### INPUT MATERIAL ###

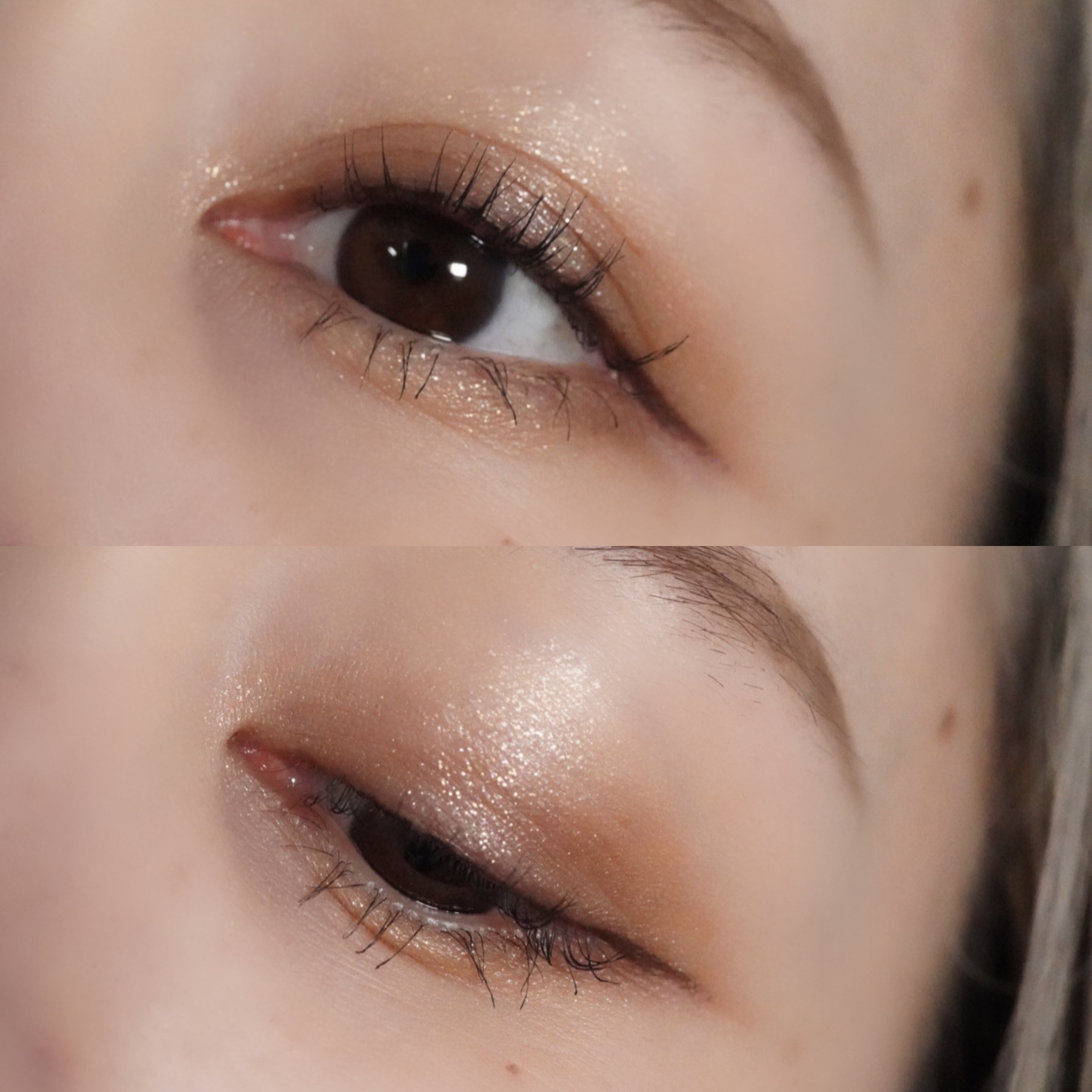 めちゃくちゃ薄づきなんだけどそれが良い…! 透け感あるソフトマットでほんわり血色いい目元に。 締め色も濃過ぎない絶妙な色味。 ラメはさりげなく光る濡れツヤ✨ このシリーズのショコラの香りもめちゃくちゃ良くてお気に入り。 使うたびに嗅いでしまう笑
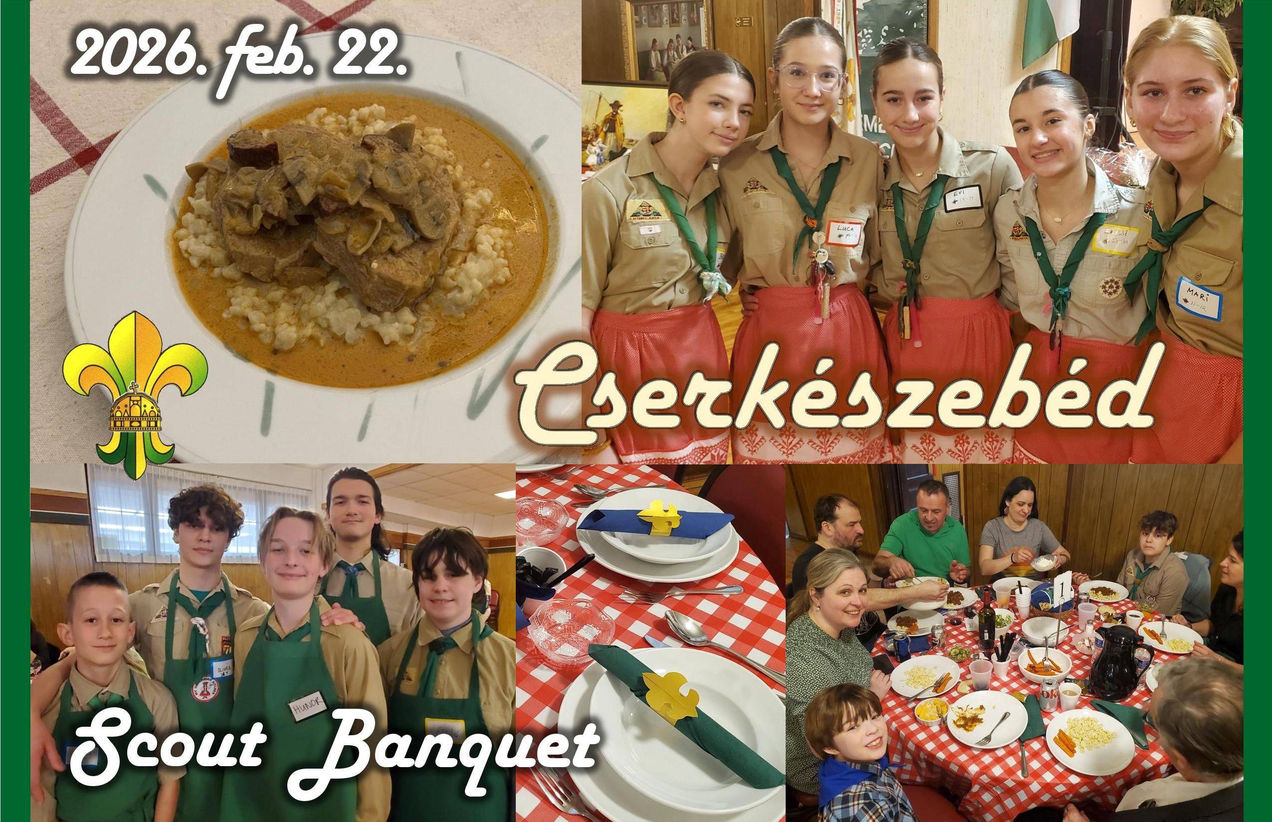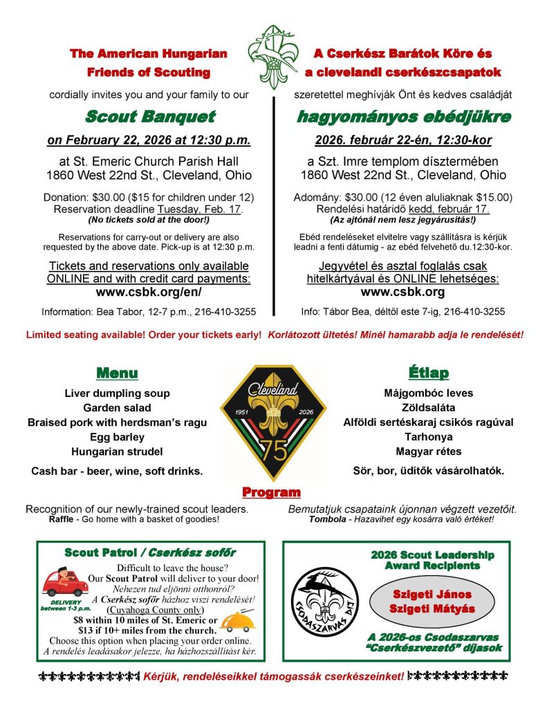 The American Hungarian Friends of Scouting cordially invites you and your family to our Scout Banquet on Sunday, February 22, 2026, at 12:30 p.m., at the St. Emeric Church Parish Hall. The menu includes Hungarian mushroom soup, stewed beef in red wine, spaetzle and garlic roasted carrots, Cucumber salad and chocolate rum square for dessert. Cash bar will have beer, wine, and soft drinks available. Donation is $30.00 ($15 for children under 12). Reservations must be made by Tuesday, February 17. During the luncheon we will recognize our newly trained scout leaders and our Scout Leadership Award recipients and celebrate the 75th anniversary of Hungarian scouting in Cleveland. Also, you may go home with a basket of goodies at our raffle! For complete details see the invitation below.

###
### INPUT MATERIAL ###

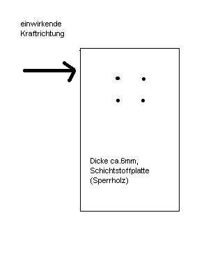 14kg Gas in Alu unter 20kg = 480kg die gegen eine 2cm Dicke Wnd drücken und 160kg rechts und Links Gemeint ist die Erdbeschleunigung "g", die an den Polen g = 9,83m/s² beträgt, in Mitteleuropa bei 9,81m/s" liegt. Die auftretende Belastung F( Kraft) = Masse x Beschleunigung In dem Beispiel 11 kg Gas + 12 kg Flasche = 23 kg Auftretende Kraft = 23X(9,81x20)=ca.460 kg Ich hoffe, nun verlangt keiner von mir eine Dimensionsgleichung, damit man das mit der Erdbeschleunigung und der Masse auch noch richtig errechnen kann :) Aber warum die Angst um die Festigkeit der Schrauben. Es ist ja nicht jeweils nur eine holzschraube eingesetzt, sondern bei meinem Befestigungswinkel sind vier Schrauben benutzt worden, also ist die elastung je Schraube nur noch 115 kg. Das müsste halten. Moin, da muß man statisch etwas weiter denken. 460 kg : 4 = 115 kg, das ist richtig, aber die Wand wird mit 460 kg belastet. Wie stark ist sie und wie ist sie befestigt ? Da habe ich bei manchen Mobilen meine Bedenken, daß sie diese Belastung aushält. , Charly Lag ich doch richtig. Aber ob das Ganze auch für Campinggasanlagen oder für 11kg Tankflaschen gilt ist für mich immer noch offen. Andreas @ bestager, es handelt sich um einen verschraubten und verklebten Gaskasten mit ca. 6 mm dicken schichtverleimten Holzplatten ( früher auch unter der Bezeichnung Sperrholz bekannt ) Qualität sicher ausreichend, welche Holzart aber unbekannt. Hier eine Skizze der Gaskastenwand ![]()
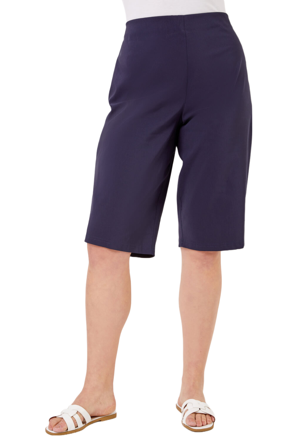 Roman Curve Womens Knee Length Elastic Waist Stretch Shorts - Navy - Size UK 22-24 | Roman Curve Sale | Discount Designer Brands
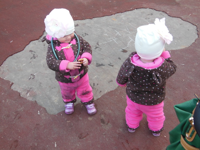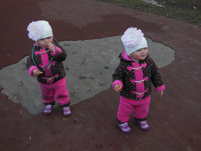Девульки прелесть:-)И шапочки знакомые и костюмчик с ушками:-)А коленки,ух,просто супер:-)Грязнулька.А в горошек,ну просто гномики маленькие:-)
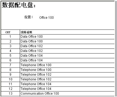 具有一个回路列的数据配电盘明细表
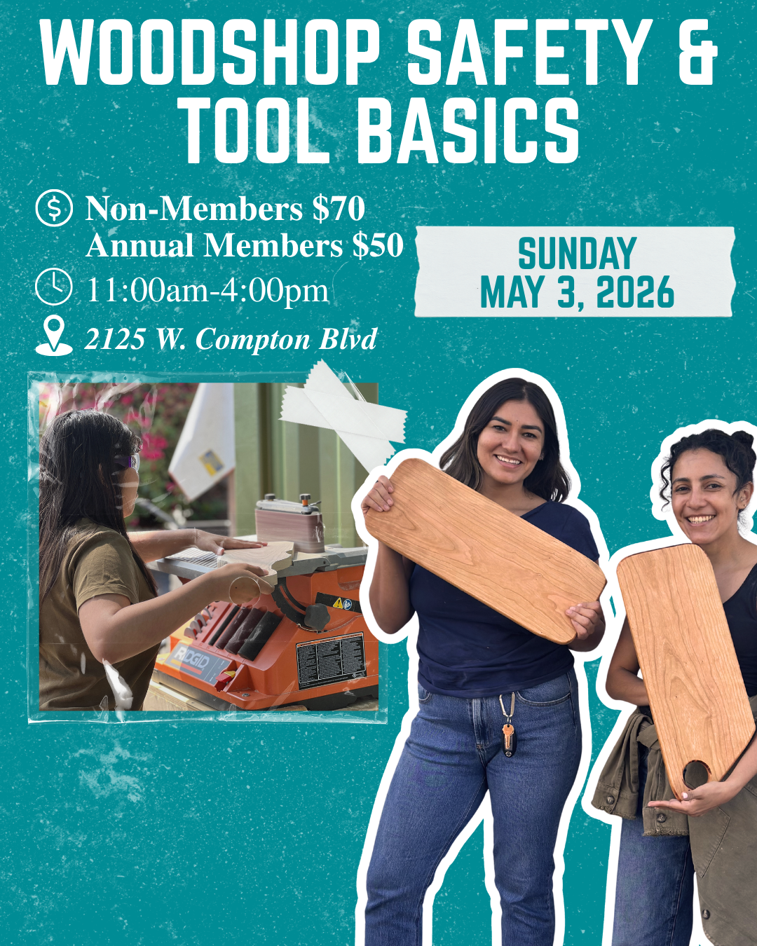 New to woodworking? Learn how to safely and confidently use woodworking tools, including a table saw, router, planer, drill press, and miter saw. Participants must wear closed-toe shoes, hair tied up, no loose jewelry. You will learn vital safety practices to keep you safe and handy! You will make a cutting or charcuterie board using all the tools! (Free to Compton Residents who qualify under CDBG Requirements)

###
### INPUT MATERIAL ###

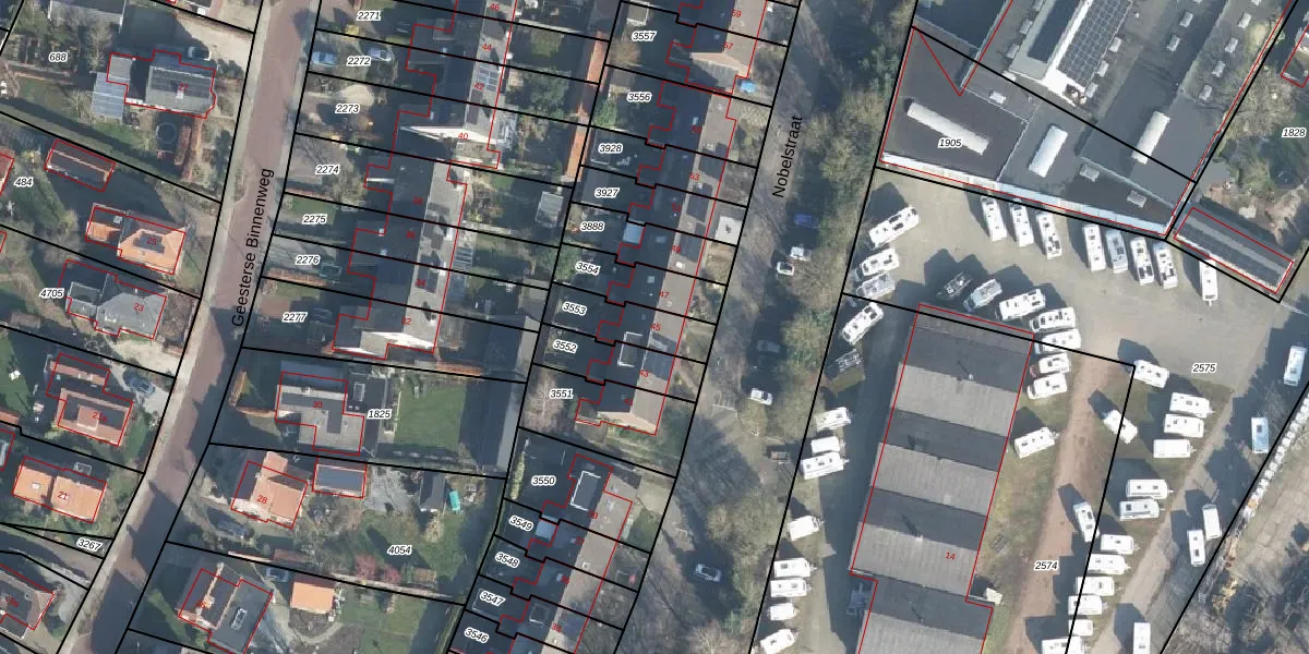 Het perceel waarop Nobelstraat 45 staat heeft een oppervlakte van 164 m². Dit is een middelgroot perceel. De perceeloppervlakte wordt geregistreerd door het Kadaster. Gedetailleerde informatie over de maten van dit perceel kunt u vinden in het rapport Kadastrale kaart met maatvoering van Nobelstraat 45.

###

WHAT YOU NEED TO DO — For the data above, set down exactly the lines from the line with "Девульки прелесть:-)И шапочки" to the line with "具有一个回路列的数据配电盘明细表", both included, leaving pictures out.

ANSWER TO THE EXERCISE —
Девульки прелесть:-)И шапочки знакомые и костюмчик с ушками:-)А коленки,ух,просто супер:-)Грязнулька.А в горошек,ну просто гномики маленькие:-)
 具有一个回路列的数据配电盘明细表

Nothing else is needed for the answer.